[qwerty193]

To a 100.0 mL solution containing 0.01 M Ba(NO3)2 and 0.01 M Pb(NO3)2 was added 101 mL of 0.01M H2SO4 to provide a slight excess of SO42- relative to Ba2+ in the resulting solution. Assuming that:
i) H+ does not bind to SO42-
ii) ionic strength effect can be ignored
iii) the system immediately achieves equilibrium
and given Ksp (Baso4) = 10^-10 M^2, Ksp (PbSO4) = 1.7 x 10^-8 M^2
Determine the following:
a) The concentration of Pb2+, Ba2+ and SO42- in the final solution
b) The composition of the precipitate, reported as the mole fraction of BaSO4 and the mole fraction of PbSO4.

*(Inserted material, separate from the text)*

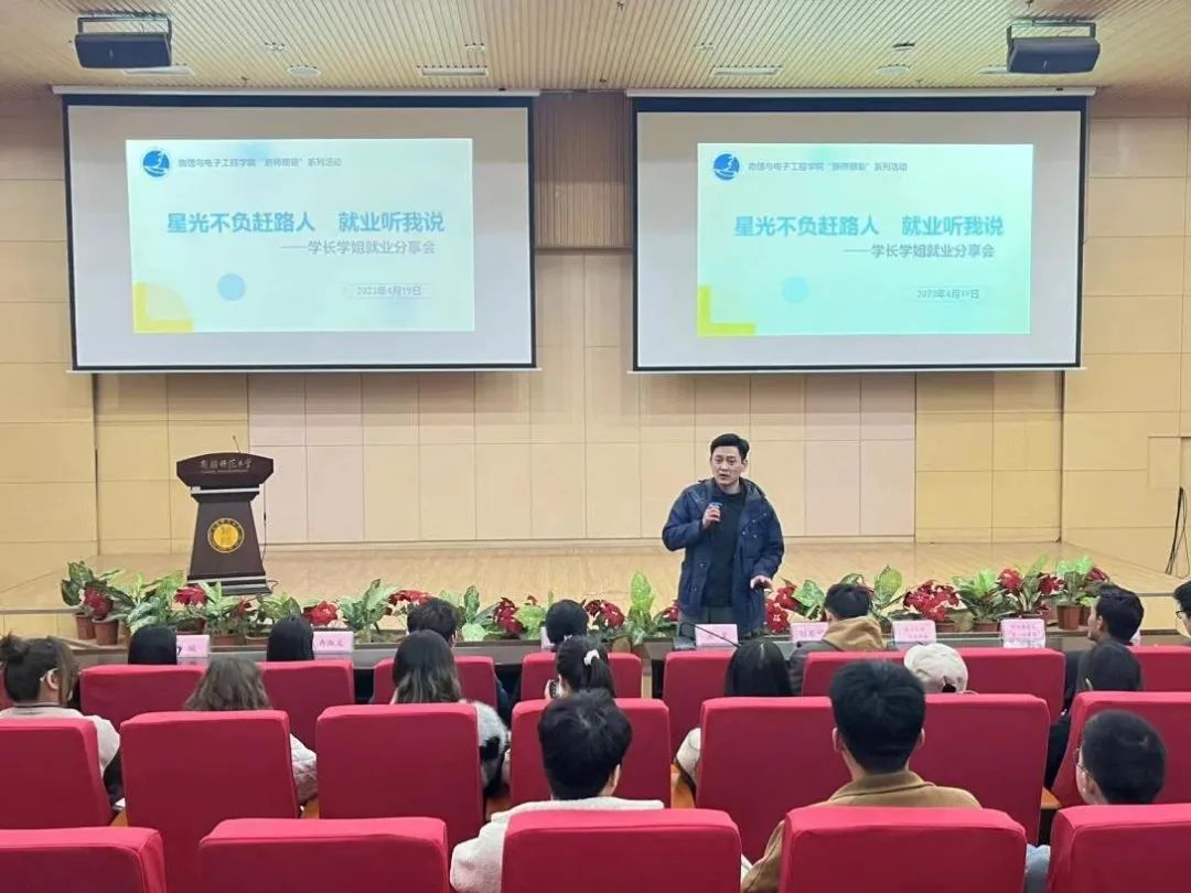 为助力物电学子提早树立正确的就业择业观念,提供经验交流的平台。4月19日20:00今年会jinnianhui在国教楼三楼报告厅举办了“星光不负赶路人,就业听我说”学长学姐就业分享会,本次活动采用线上线下相结合的形式开展,邀请2023届毕业生中已就业和升学的6位学长学姐分享求职、考研经历,本次活动大一大二年级共600余人线下参加,大三支教班级通过腾讯会议线上参与。

My attempt of solving the question:
New [Ba2+] in 0.201 L = New [Pb2+] = 10^-3 mol/0.201 L= 4.98x 10^-3 M
Figured out [SO42-]max before BaSO4 start to ppt:
[SO42-] = Ksp/[Ba2+] = 10^-10/ 4.98 x 10^-3 M = 2.01 x 10^-8 M
[SO42-] max before PbSO4 start to ppt:
[SO42-] = Ksp/[Pb2+] = 1.7 x 10^-7 / [4.98 x 10^-3 M) = 3.43 x 10^-6 M
[Ba2+] remaining = Ksp / [SO42-] = 10^-10 / 3.43 x 10^-6 M = 2.93 x 10^-5 M.

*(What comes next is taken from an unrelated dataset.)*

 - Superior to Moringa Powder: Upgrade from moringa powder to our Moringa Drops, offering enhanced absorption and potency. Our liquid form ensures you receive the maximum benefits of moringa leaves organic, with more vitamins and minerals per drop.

But I really stuck at figuring out how much Pb2+ is present in the final solution and how to figure out SO42- conc. Any help/suggestion would be greatly appreciated 

[Borek]

I would start assuming precipitation of Ba²⁺ went to completion. Use this assumption to calculate concentration of the excess SO₄^2- and see what it tells you about precipitation of Pb²⁺.